Росомаха не одолел еще и половины склона, когда понял, что сильно
переоценил дистанцию, отделяющую его от преследователей: вокруг него начали
падать стрелы. Стрелы эти приходили по очень крутой траектории, явно на
самом пределе дальности, но лейтенант был слишком хорошо осведомлен о
возможностях эльфов -- лучших лучников Средиземья, -- чтобы не бросить
оценивающего взгляда через плечо. После очередного прыжка он спружинил левой
ногой на покатой поверхности каменного "сундука", одновременно разворачивась
влево, -- и тут мокрый лишайник, сравнявшийся в скользкости с пресловутой
дынной кожурой, вывернулся из-под его мордорского сапога (ох, чуяло сердце
-- не доведет до добра эта обувка на твердой подошве!), и Росомаху швырнуло
направо, в узкую, сходящуюся на нет расселину. Он прочертил обламывающимися
ногтями бессильные борозды по лишайниковым натекам на "сундучной крышке" --
да разве тут удержишься... Мелькнула напоследок совсем уж дурацкая мысль:
"Эх, отчего я не настоящая росомаха..." -- а мгновение спустя хруст в правой
щиколотке, намертво застрявшей в щели-капкане, отдался невыносимой болью в
позвоночнике лейтенанта и погасил его сознание.
...Странно, но обморок его длился совсем недолго. Росомаха ухитрился
распереться в щели, найдя положение, при котором вся нагрузка пришлась на
левую, несломанную, ногу; теперь можно было, напрягшись, перевалить через
голову освобожденный от лямок заплечный тюк. Пачка бумаг с дол-гулдурской
документацией была снабжена зажигательным зарядом из "огневого желе" (умница
Гризли -- все предусмотрел), так что ему теперь оставалось лишь чиркнуть
кремешком мордорской огневицы -- герметичного фарфорового сосудика со
светлой фракцией нафты. Лишь распустив затяжной шнур заплечного тюка и
нащупав в кармане огневицу, он решил наконец осмотреться и запрокинулся
назад (развернуться всем телом было совершенно невозможно) -- как раз чтобы
увидать будто бы медленно рушащиеся на него с бесцветного полуденного неба
колоннообразные фигуры в серо-зеленых плащах. От настигающих эльфов его
отделяли уже какие-то метры, и лейтенант безошибочно понял, что из двух
оставшихся ему в этой жизни дел -- запалить фитиль зажигательного заряда и
разжевать спасительную зеленоватую пилюлю -- ему отпущено времени лишь на
одно, а уж на какое именно -- офицеру "Феанора" надлежит сообразить и без
подсказок... Так что последним впечатлением Росомахи, предваряющим
отключивший его удар по голове, стал голубоватый нафтовый огонек,
облизывающий чуть растрепанные нити вымоченного в селитре запального шнура.

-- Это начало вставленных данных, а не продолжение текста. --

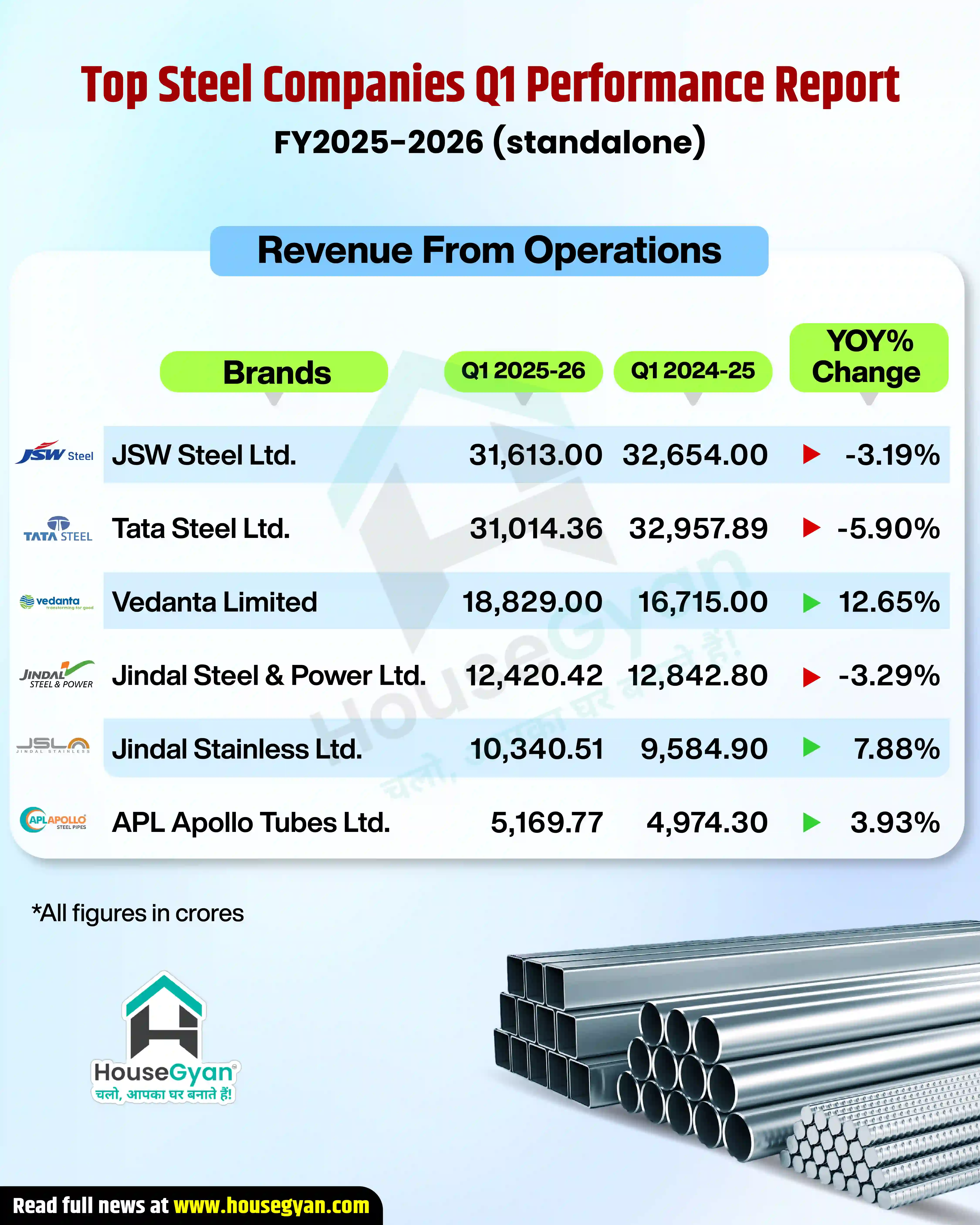 Top Steel Companies Q1 Performance Report (FY25-26 Standalone)
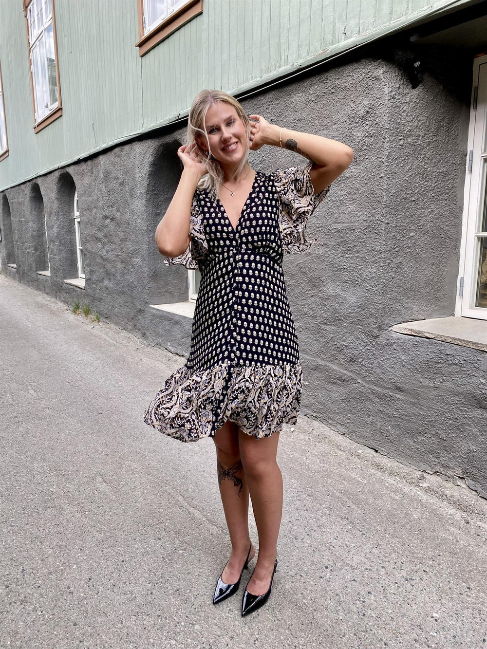 "Georgette Flounce Dress" fra byTiMo. En nydelig kjole med flott og lekent mønster.

Очнулся он уже на лесной прогалине, открывавшей обширный вид на долину
Великой Реки. Руки связаны за спиной, мордорский мундир обратился в
обгорелые лохмотья, вся левая сторона тела -- сплошной ожог: хвала Ауле --
сработала машинка. Он не сразу разглядел слева от себя -- со стороны того
глаза, что почти залеплен спекшейся сукровицей, -- сидящего на корточках
эльфа: тот с омерзением вытирает какой-то тряпицей горлышко своей фляги --
похоже, только что вливал пленнику в рот эльфийское вино.
-- Очухался? -- мелодичным голосом поинтересовался эльф.
-- Мордор и Око! -- механически откликнулся Росомаха (экая досада --
помирать в таком статусе, но так уж выпало...).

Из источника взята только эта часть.